Saya membayangkan, mengikuti garis argumen para ahli perubahan iklim, jika di masa depan terjadi kenaikan suhu global 1-2 derajat Celcius, nasib penyelenggaraan haji makin rumit dan kompleks.
Mengapa? Kenaikan suhu global bumi 1-2 derajat Celcius berarti akan menaikkan suhu di Arab Saudi, India, dan lain-lain menjadi sekitar 70 derajat Celcius.

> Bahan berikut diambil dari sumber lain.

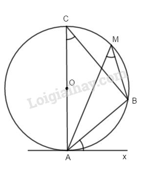 Cho góc nhọn AMB nội tiếp trong đường tròn (O). Trên nửa mặt phẳng bờ AB không chứa M, vẽ tia Ax sao cho \(\widehat {xAB} = \widehat {AMB}\). Chứng tỏ Ax là tiếp tuyến của (O).
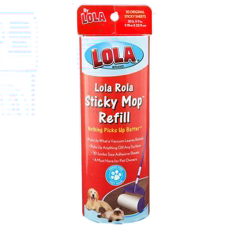 The Lola Rola 902 sticky mop will pick up hair lint and other particles from your clothing and furniture. The Lola Rola sticky mop refill package contains six 9-inch wide rollers. Each roller has 30 large sheets per roll.Specifications

Sungai-sungai di sepanjang garis Khatulistiwa mengering, dan negara-negara pulau tenggelam oleh mencairnya es di Kutub Utara dan Selatan.
Dalam konteks ibadah haji yang sering dikaitkan dengan teologi dan keyakinan, pengiriman jamaah haji akan terus berlanjut tanpa memperhitungkan akibat-akibat suhu panas ini.
Dua juta peserta haji sangat mungkin tewas terpanggang (sehingga mirip massacre) dan atau Arab Saudi harus menyediakan mesin-mesin pendingin serta air yang sangat mahal untuk melindungi tamu-tamu Allah ini.
Panas global akibat perubahan iklim sangatlah nyata dan ilmiah. Tanda-tandanya sudah sangat terasa, mulai dari musim yang kacau, gagal panen yang berulang, hujan asam di di sejumlah kawasan, naiknya permukaan laut, munculnya jenis-jenis mikroba dan lain-lain.
Garis argumen di atas mengingatkan bahwa dalam beribadah sekalipun itu perintah Allah, seperti ibadah haji, pada dasarnya tidaklah otomatis aman dan bebas dari kendala-kendala baik yang ringan maupun berat.
Upaya-upaya terencana dan ilmiah mutlak diperlukan demi terjaminnya eksekusi di lapangan. Selanjutnya doa-doa dipanjatkan setelah segala upaya dikerjakan.
*Penulis adalah Rektor UIN Raden Mas Said Surakarta dan Penulis Buku “Al-Qur’an dan Konservasi Lingkungan”.